I’m afraid I must be one of those women who generate the myths in the first place.
With sex it’s not that I don’t like the
idea.
I can see a young couple walking along, their hips brushing, and remember how it was. I don’t mean I get nostalgic. I mean I feel it: a surge in every body cavity, a tingle in my toes.
My husband has a way of holding my hand that means
he
has the idea, though in his case he means to act on it. He holds my hand but works his index finger loose and strokes my palm, the edge of my thumb, the inside of my wrist.
He’s a good man, my husband, one of the best. Ask anyone. The girls at the factory all love him. I say girls but they’re grandmothers mostly, working for pin money, or perhaps for the rent, I don’t know. He teases them (‘On a go-slow today, eh, Sylvie? We’ll get you embalmed one of these days, put you in a case on the landing.’) and they tease him right back (‘Come over here, Mr Mowatt, June’s got a twist in her stocking and she wants you to set it straight.’).
He’s got a robust way about him, I know. Any sane person, Eileen. But that’s just him: his energy, his life bursting out. Let’s get this show on the road.
The factory’s never been enough for him. Cake decorations are not enough for him. Business is business, he says, but you know he doesn’t mean it. Has to be twice the man, that’s what he thinks.
Hands. I used to spend a lot of time looking at hands. It was my party trick when I was young. I read people’s fortunes. My husband-to-be called me Gypsy Rose Lee and studied my palm.

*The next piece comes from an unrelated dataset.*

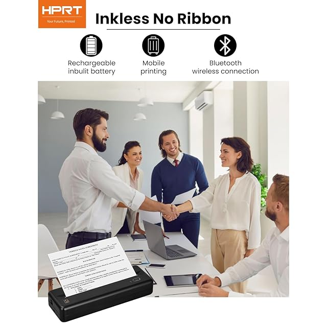 【車両・家庭・オフィス用の300DPIインク不要モバイルプリンター】HPRT M810コンパクトなインク不要プリンターは、いつでもどこでもスマートフォンからPDF、ワード文書、画像、ウェブページを印刷できます。オフィス文書、レシート、契約書、履歴書、請求書、図面、学校の授業ノート、買い物リスト、カスタマイズされたカード、ラベル、搭乗券、DIYプロジェクトなどの印刷に最適です。この小型のモバイル熱転写プリンターは、出張者、トラックドライバー、移動公証人、オフィスワーカー、学生、子供、教師、そして忙しい人々に最適です。

He said, ‘You’re going to be proposed to by a dashing young man in possession of a Triumph Stag and a birthmark behind his right ear and you’re going to have five children and live happily ever after.’
He didn’t know how to read the lines. I knew we’d only have one child.
Today, in the car, waiting for a flock of sheep to cross, I said, ‘Isn’t this more like it? More like a
holiday
?’
He said, ‘You know the etymology of the word, Eileen? Do you? Well, that’s how I feel about
holidays
. That’s what they are to me.’
When did he start doing that? Using my name only when he wants to make me feel stupid.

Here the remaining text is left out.